BLBG: Treasury 10-Year Notes Rise for Fourth Day on Fed Debt-Buying Speculation
Treasury 10-year notes rose for a fourth day in the longest stretch of gains since June as traders speculated that the Federal Reserve is preparing to increase purchases of U.S. debt.
The yield on the two-year note touched a record low for a second day after the Fed said yesterday it’s “prepared to provide additional accommodation if needed to support the economic recovery.” The central bank is scheduled to buy Treasuries maturing from March 2013 to August 2014 today as part of its effort to keep borrowing costs low.
“There is an underlying bid in the market as the bull trend in Treasuries remains intact,” said Martin Mitchell, head government bond trader in Baltimore at Stifel Nicolaus & Co., a brokerage firm. “The Fed has tipped their hand that they are likely to initiate a larger-scale asset-purchase program in the future.

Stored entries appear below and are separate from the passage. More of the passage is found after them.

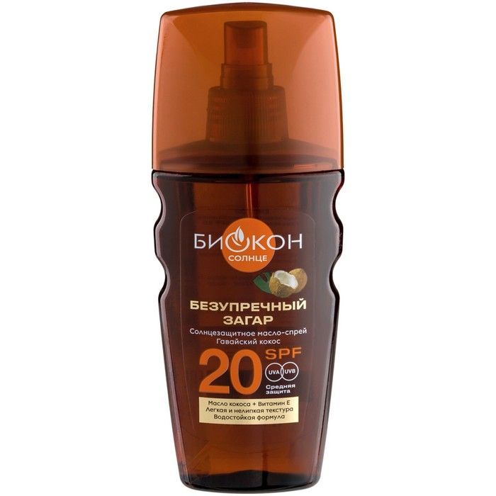 - БИОКОН Солнцезащитное масло-спрей «Гавайский кокос» SPF 20.
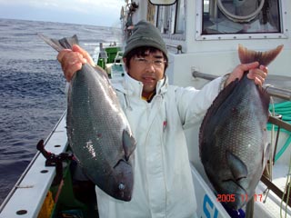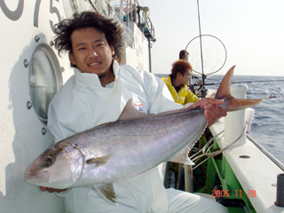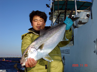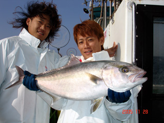 11/28銭洲 新宿 坂上氏 カンパチ初GET! 5.6kgです! 左は慎一氏 次はモロコ!! 頑張ろう!
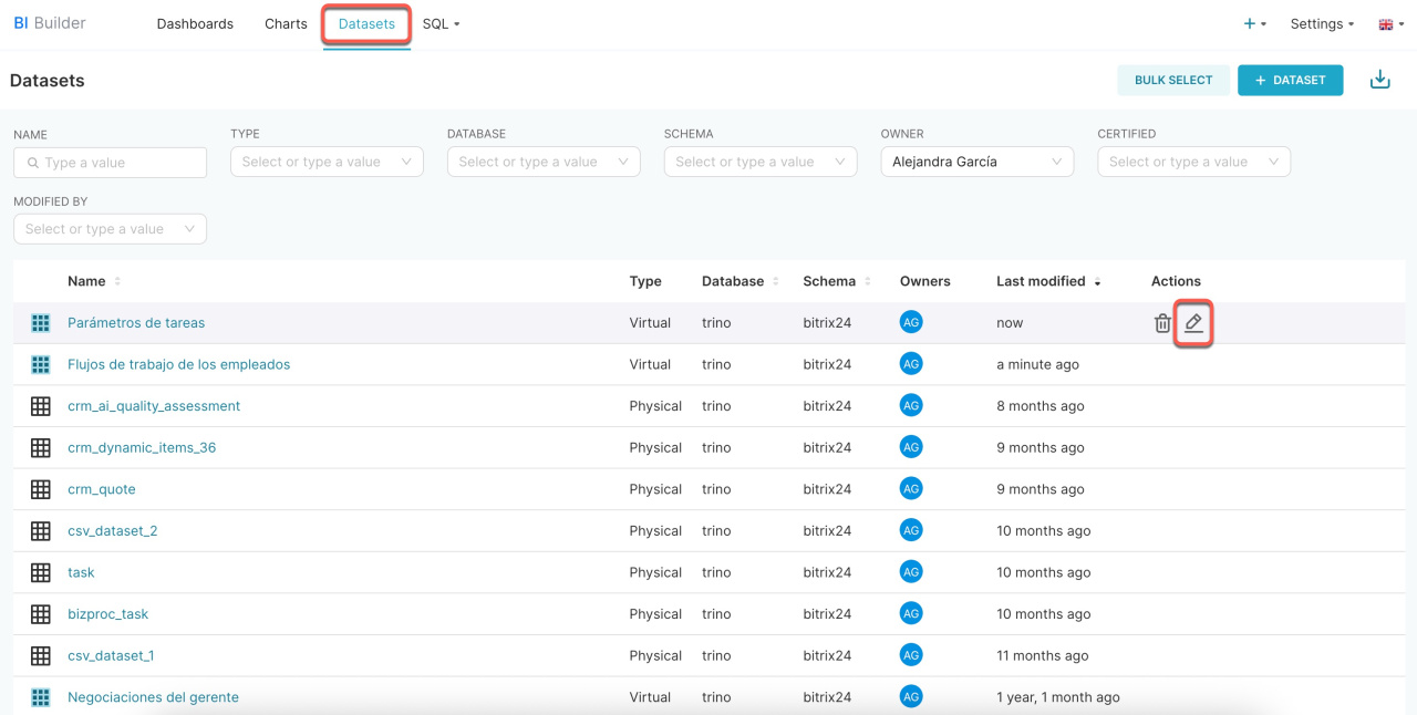 Si ya tienes un informe existente, puedes editar el conjunto de datos y añadir el parámetro necesario. Para ello, abre la pestaña Datasets, selecciona el conjunto de datos y haz clic en Editar.
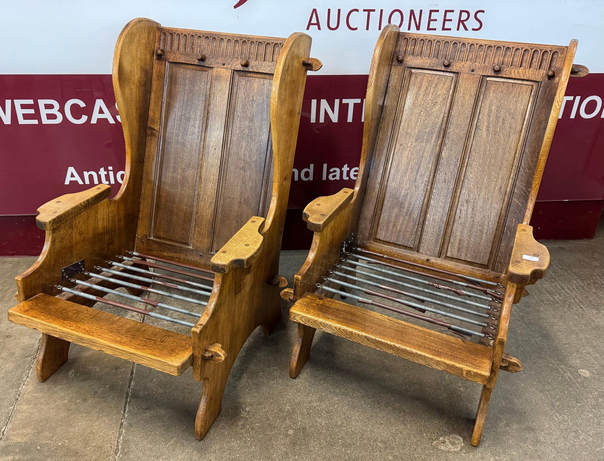 A pair of Nigel Griffiths carved oak fireside chairs
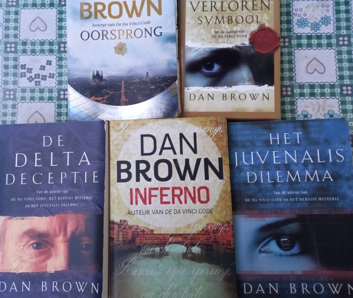 Ik kreeg nu met zoveel vrije tijd ineens het verlangen om het boek in het Nederlands weer eens te lezen. Ik had nl. alle 5 uitgekomen boeken van Dan Brown kunnen bemachtigen in een kringloopwinkel samen voor de prijs van 10 €. Het zijn: De Da Vinci Code, Het Juvenalis Dilemma, Het Bernini Mysterie, Het Inferno en Het Verloren Symbool. Wie aarzelt dan zo’n literaire rijkdom aan te schaffen voor zo’n prijs? De oorspronkelijke prijs was €19,95 per stuk.
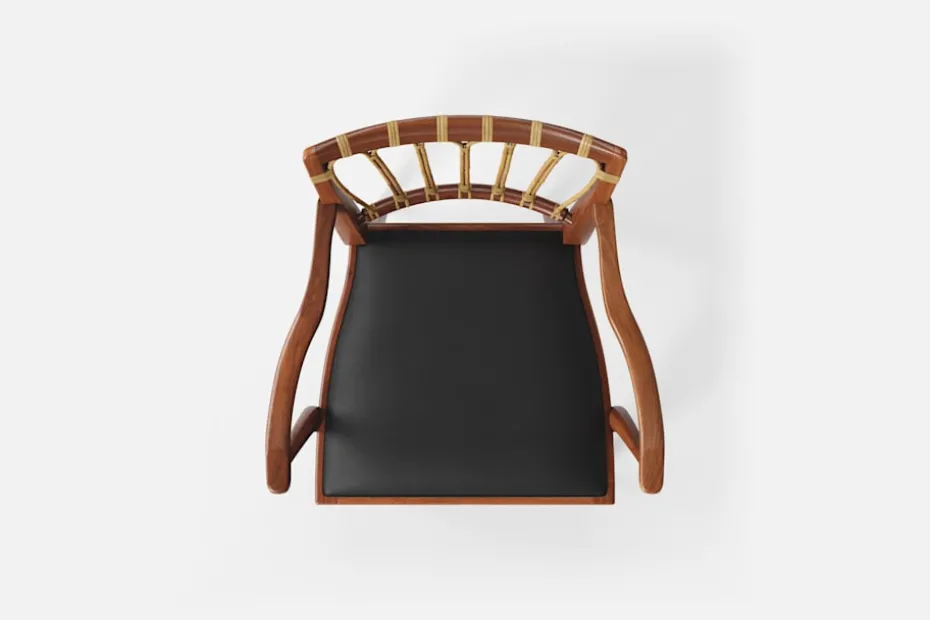 Efter sin återkomst till Stockholm från New York år 1946, formgav Josef Frank denna eleganta karmstol. Stolen har en genombruten rygg bestående av lindad rotting. För att skapa spänning i formen valde Josef Frank ofta att blanda olika träslag och material.
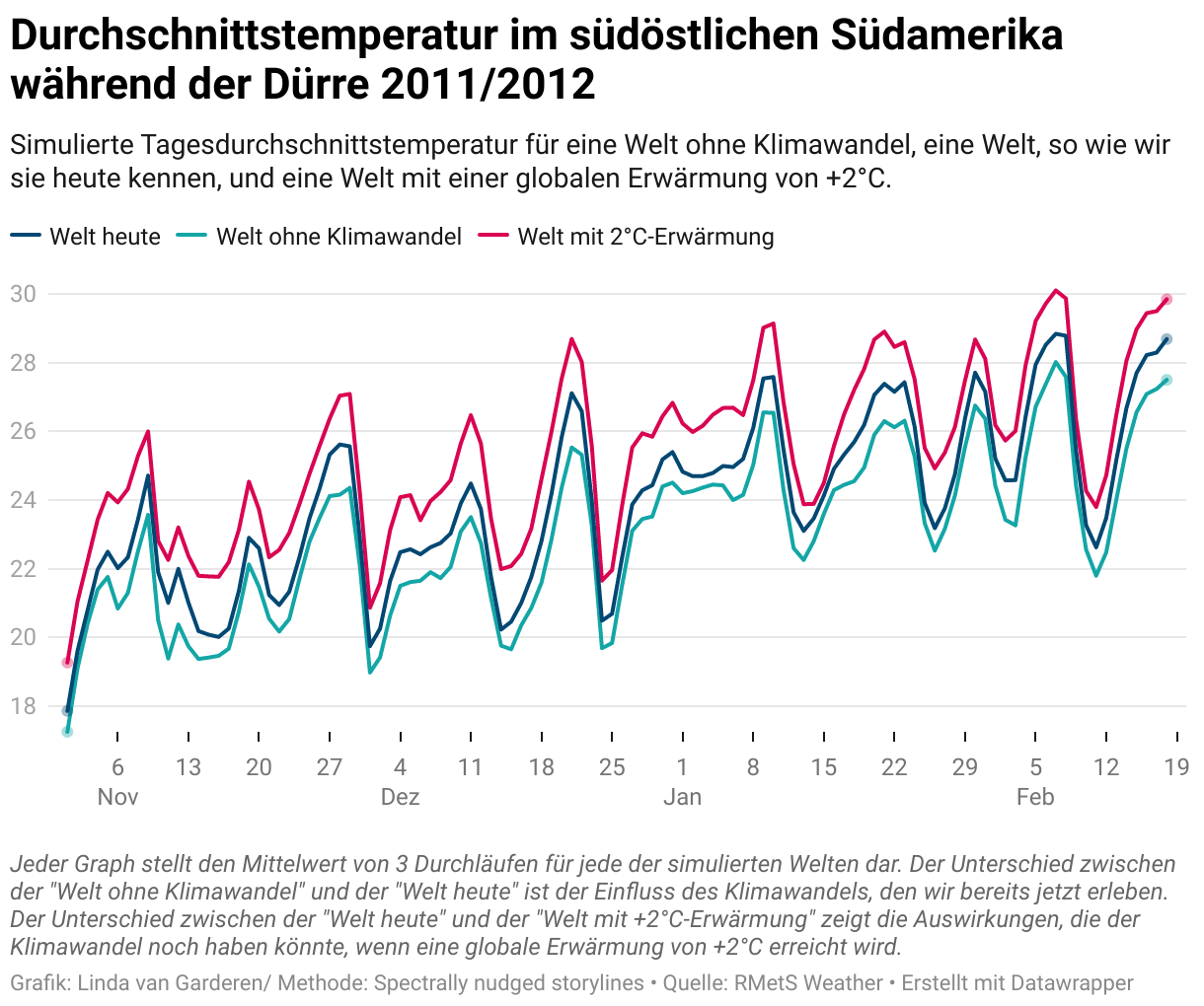 Auf diese Weise war van Garderen in der Lage, die drei Welten über einen Zeitraum von fünf Jahren (2010 - 2014) zu rekonstruieren. Ihr Fokus lag dabei auf schweren Extremereignissen in der Vergangenheit, deren Ergebnisse sie aus der jeweiligen Welt miteinander verglich. Van Garderen konnte so nicht nur nachweisen, dass der Klimawandel bestimmte Wetterextreme in der Vergangenheit verstärkt hat, sondern auch, dass die Folgen in einer 2-Grad-Welt noch drastischer gewesen wären: Bei der Dürre in der SESA-Region wären die lokalen Temperaturen im Vergleich zu heute um bis zu drei Grad wärmer gewesen, was zu einer verstärkten Verdunstung der Feuchtigkeit aus dem Boden und der Vegetation geführt hätte. Dadurch hätte sich die Dürre noch weiter verschärfen können.

If the Fed becomes a larger buyer, the Treasury market can only go higher.”
The benchmark 10-year note yield dropped 3 basis points, or 0.03 percentage point, to 2.55 percent at 10:25 a.m. in New York, according to BGCantor Market Data. The price of the 2.625 percent security maturing in August 2020 gained 7/32, or $1.88 per $1,000 face amount, to 100 21/32.
The 10-year note yield touched 2.52 percent, the lowest level since Sept. 1. The last time the yield fell for four days in a row was on June 30. The 2-year yield was at 0.43 percent after dropping earlier today to a record 0.41 percent. The 30- year bond yield dropped 2 basis points to 3.76 percent.
Record Gold
Gold for December delivery touched an all-time high of $1,296.50. The dollar dropped to the lowest level since March against the currencies of six major trading partners. The Standard & Poor’s 500 Index fell 0.2 percent.
The Federal Housing Finance Agency’s seasonally adjusted monthly index for U.S. house prices for July was down 0.5 percent from its June value, the agency said in a statement on its website. The median forecast of 15 economists in a Bloomberg News survey was for a drop of 0.2 percent.
“That puts another feather in the cap of the possibility of quantitative easing as it reflects the Fed’s concern about falling prices,” said Thomas Tucci, head of U.S. government bond trading in New York at Royal Bank of Canada, one of the 18 primary dealers that trade directly with the Fed. “The Treasury market should gravitate higher from here.”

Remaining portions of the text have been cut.